Several studies, however, highlight how this is a double-edged sword: in fact, in the face of lower direct expenditure, the companies that adopt this practice record strong drops in the involvement of their employees, with a consequent reduction in productivity, and therefore also of revenue.

 The little extras that are not enough to counteract discontent

Many companies have undertaken a very common practice in Silicon Valley: that of offering small “goodies” that should, in theory, make the workplace more welcoming and less stressful. So we find, especially in large companies, a series of ancillary services such as gyms, quality cafes, gourmet restaurants, game rooms and so on.

Of course, working in a less severe environment can certainly help make the day less stressful, giving us moments of leisure in which to socialize with colleagues and release some accumulated tension.

The problem is that often these ancillary benefits are used almost to justify unusual job requests, such as overtime, exhausting working hours, and other types of employee sacrifices.

Several studies show that one of the factors that most affects our work experience concerns our sense of independence and autonomy, that is, how free we are to organize work and time to pursue our goals.

Why can’t we continue like this

These problems that we have identified do not show signs of diminishing, but of increasing. Companies find themselves operating in increasingly competitive markets, in increasingly precarious and weak economic / financial situations.

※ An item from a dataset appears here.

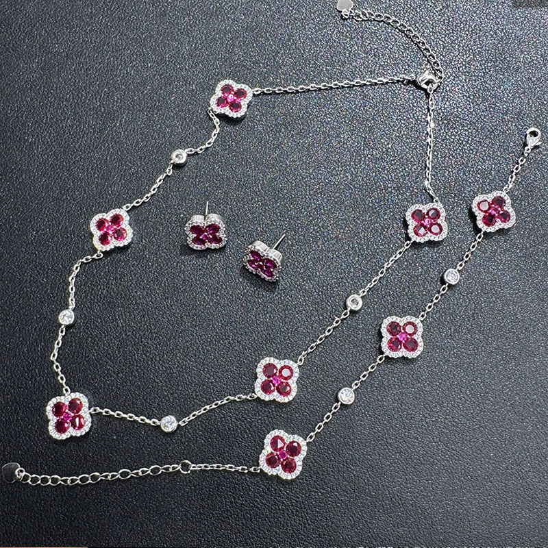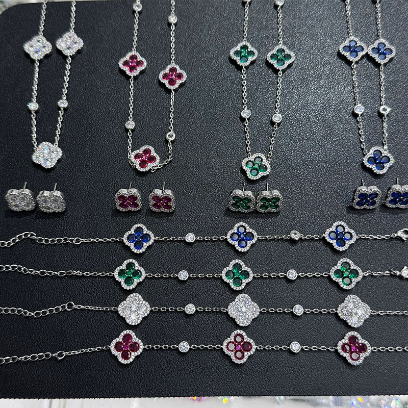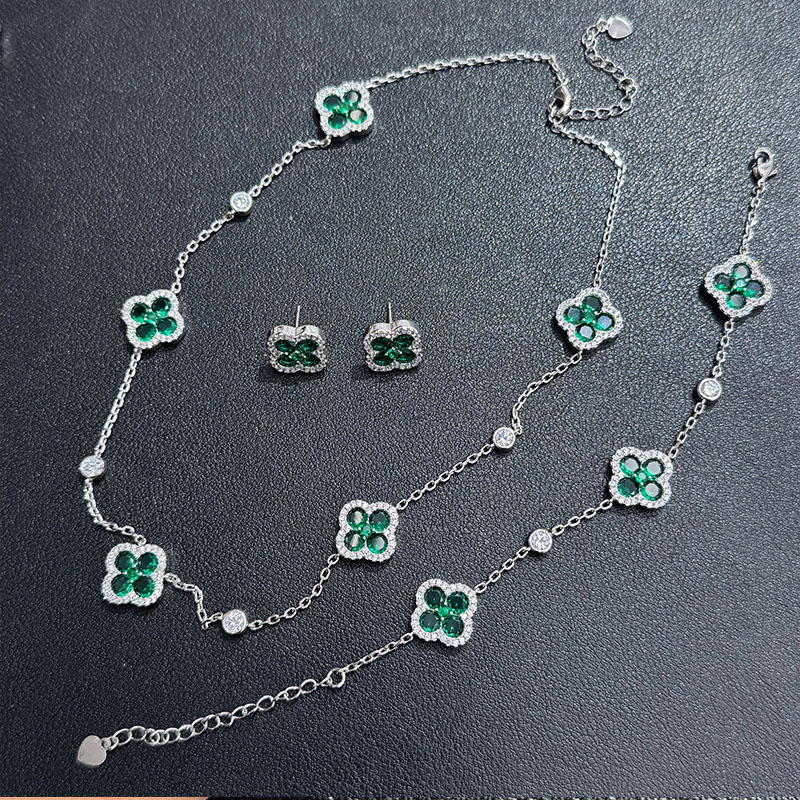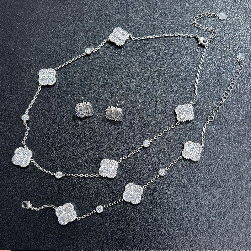 Copper material ,Earrings, bracelets and necklaces set,Zircon jewelry

On the other hand, the demands from investors and shareholders are getting stronger. For this reason, companies are increasingly faced with methods whose primary objective is to increase earnings even in the face of difficult situations.

In practical terms, this often translates into an increase in the workload for employees at all levels, with cascading consequences that inevitably end up raising levels of stress and malaise.

How to change things

A change of this magnitude requires a great deal of effort, and it is therefore important to understand what the steps are to follow.

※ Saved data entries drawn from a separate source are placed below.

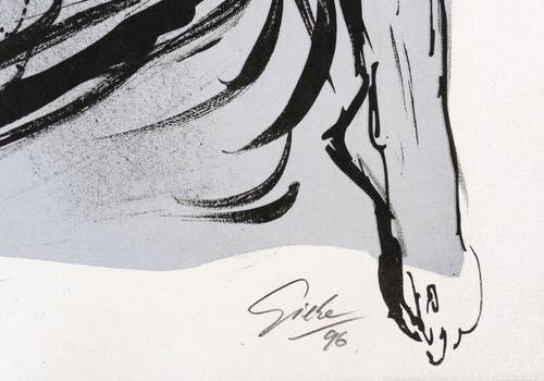 1996. Farblithografie / Kreidelithografie, in Schwarz, über grauer Tonplatte, auf hellchamois Velin. – Originale Künstlergrafik, von Hubertus Giebe. – Auflage Exemplar Nr. 17/50. – 48,7 x 34,4 cm (Darstellung / Druckbild), 50 x 40 cm (Blatt).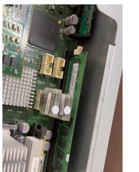2、撤下故障控制器,更换下图处的接口卡。检查缓存配置是否一致。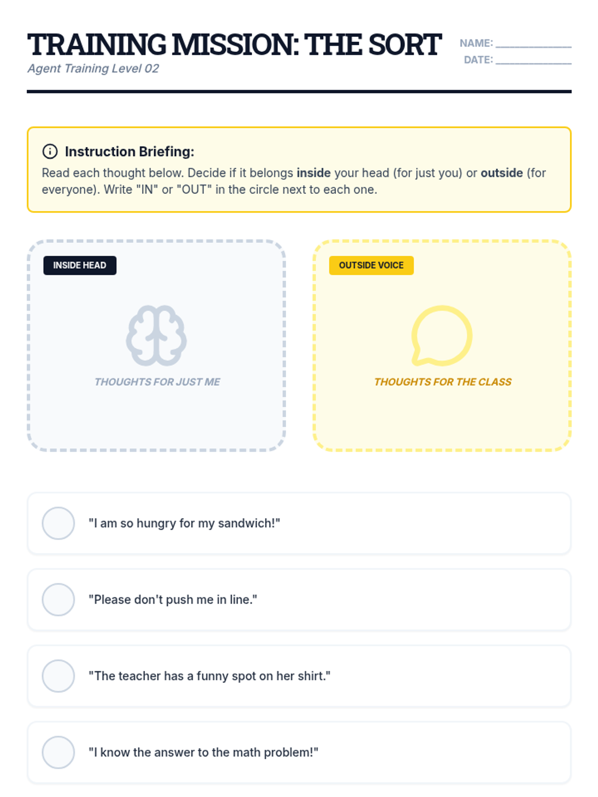 Active practice sorting various thoughts into 'stay inside' and 'can come out' categories through interactive games.

1. We must start measuring the health, both physical and mental, of employees. These measurements must be equated in importance to other types of consequences of the company’s operations, such as emissions and pollution.

2. We must start identifying and publicly labeling those companies that adopt and encourage such behavior, so that we can use social pressure to push them to change.

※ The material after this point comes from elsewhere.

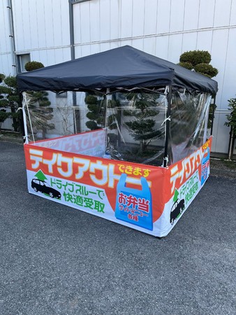 地方がこの流れに乗る為には ドライブスルーでのテイクアウト販売が必要です。簡単に設置できるドライブスルーコーナー(タープテント式)で 新たな販売チャネルを構築して下さい。

3. Governments and authorities must take action to implement rules and regulations governing these aspects of working life, encouraging and promoting the adoption of strategies aimed at reducing employee malaise, and sanctioning those who continue to create toxic work environments.

4. Anticipate the excuses and justifications that will be presented by those who refuse to change their attitude towards their employees. It is not a problem that only affects a company or sector. It is a widespread phenomenon, and must be fought on all fronts.

5. Finally, it is necessary to train a new ruling class, which stops putting earnings first, at the expense of people’s health. As long as leaders are rewarded based only on company earnings, workplace toxicity will remain a widespread problem.